▼
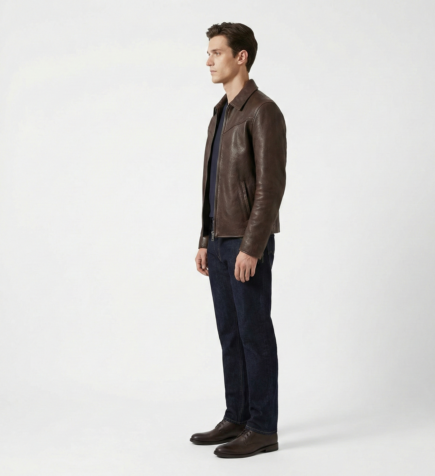 Elevate your everyday wardrobe with this men’s brown leather jacket, designed for effortless sophistication and timeless versatility. Crafted from premium genuine leather, this jacket features a clean zip-front silhouette with subtle seam detailing for a refined, modern look
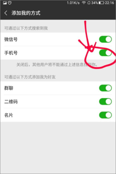 5、在添加我的方式页,点“手机号”将其关闭。这样就将电话号码隐藏起来了,新添加的好友不能直接看到手机号,保护隐私。
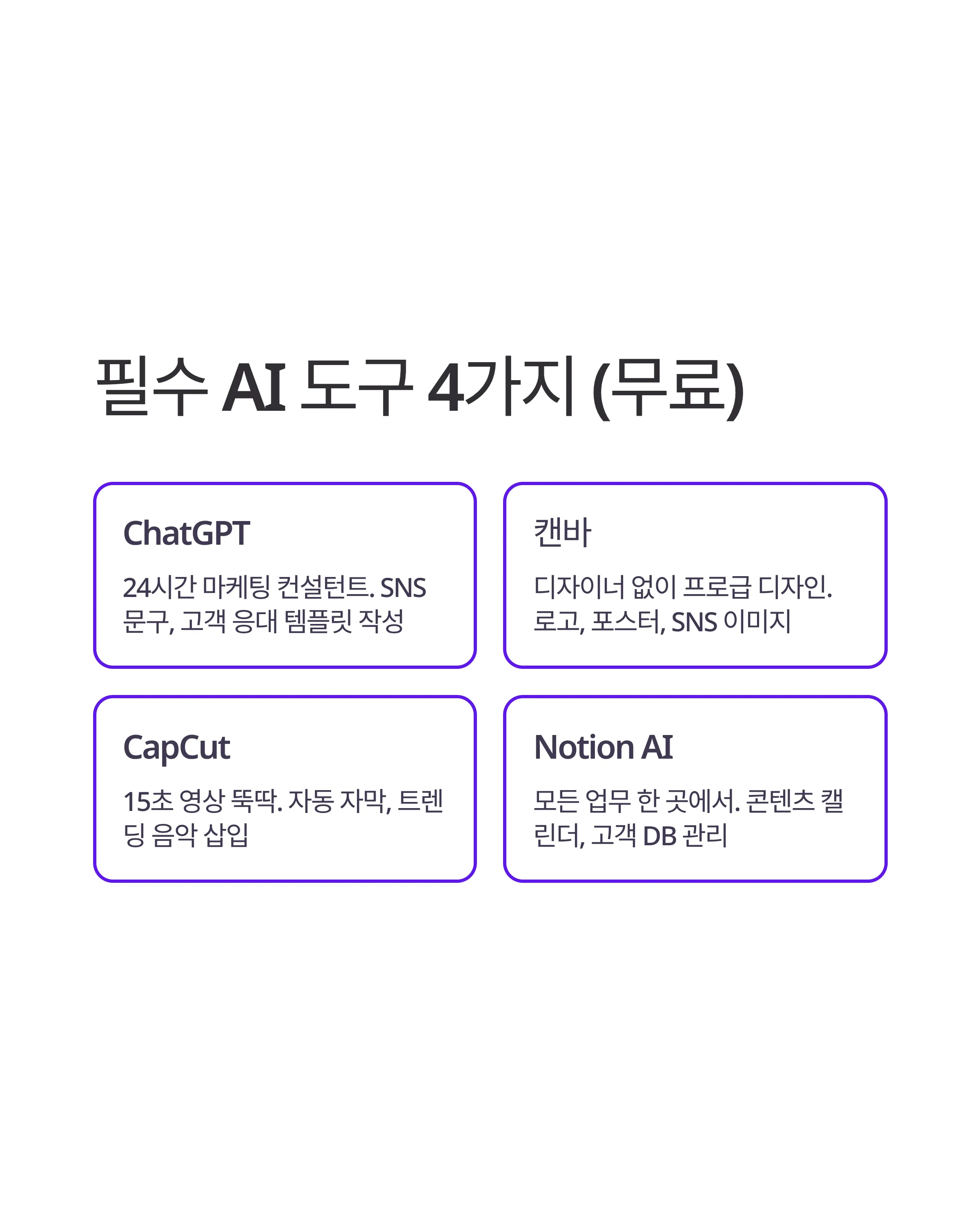 ๐ ๏ธ 1์ธ ์ฐฝ์ ์ ํ์ AI ๋๊ตฌ 4์ข ์ธํธ (๋ชจ๋ ๋ฌด๋ฃ!)
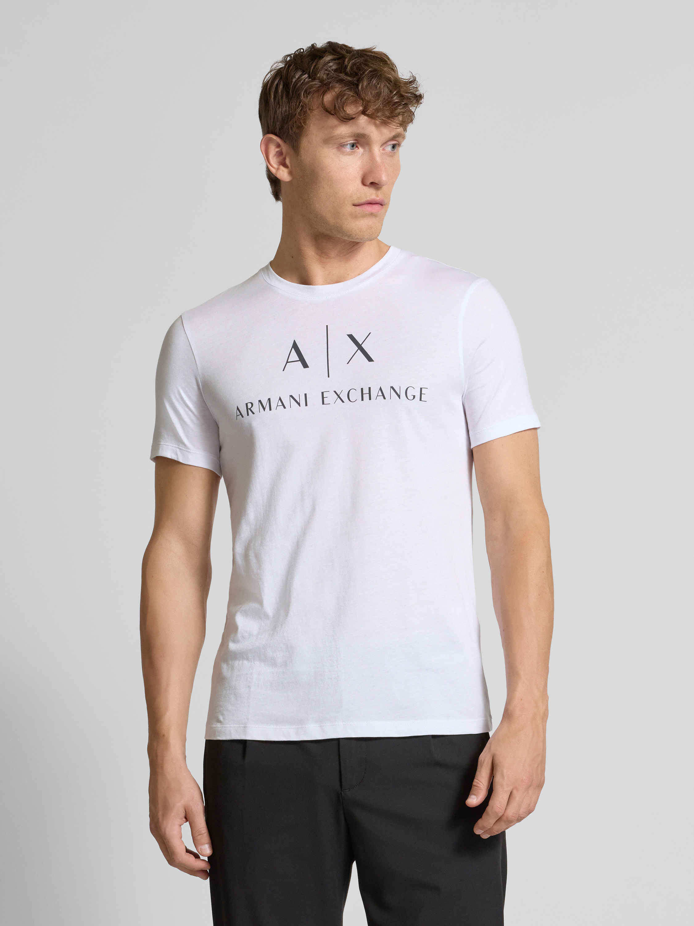 T-shirt o kroju slim fit z czystej bawełny z nadrukiem z logo - biały
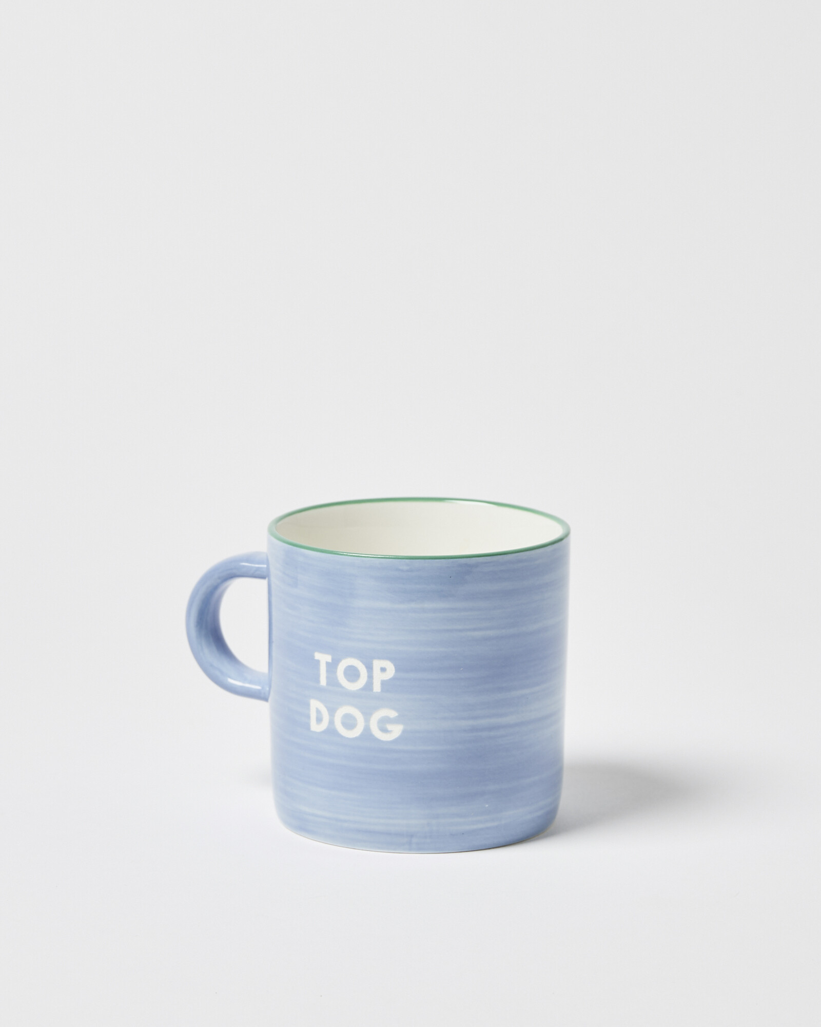 Top dog mug with a blue hand painted surface, green trim and sandblasted text.
▲
An exact retyping of the entries, without images, is the required answer.

 Elevate your everyday wardrobe with this men’s brown leather jacket, designed for effortless sophistication and timeless versatility. Crafted from premium genuine leather, this jacket features a clean zip-front silhouette with subtle seam detailing for a refined, modern look
 5、在添加我的方式页,点“手机号”将其关闭。这样就将电话号码隐藏起来了,新添加的好友不能直接看到手机号,保护隐私。
 ๐ ๏ธ 1์ธ ์ฐฝ์ ์ ํ์ AI ๋๊ตฌ 4์ข ์ธํธ (๋ชจ๋ ๋ฌด๋ฃ!)
 T-shirt o kroju slim fit z czystej bawełny z nadrukiem z logo - biały
 Top dog mug with a blue hand painted surface, green trim and sandblasted text.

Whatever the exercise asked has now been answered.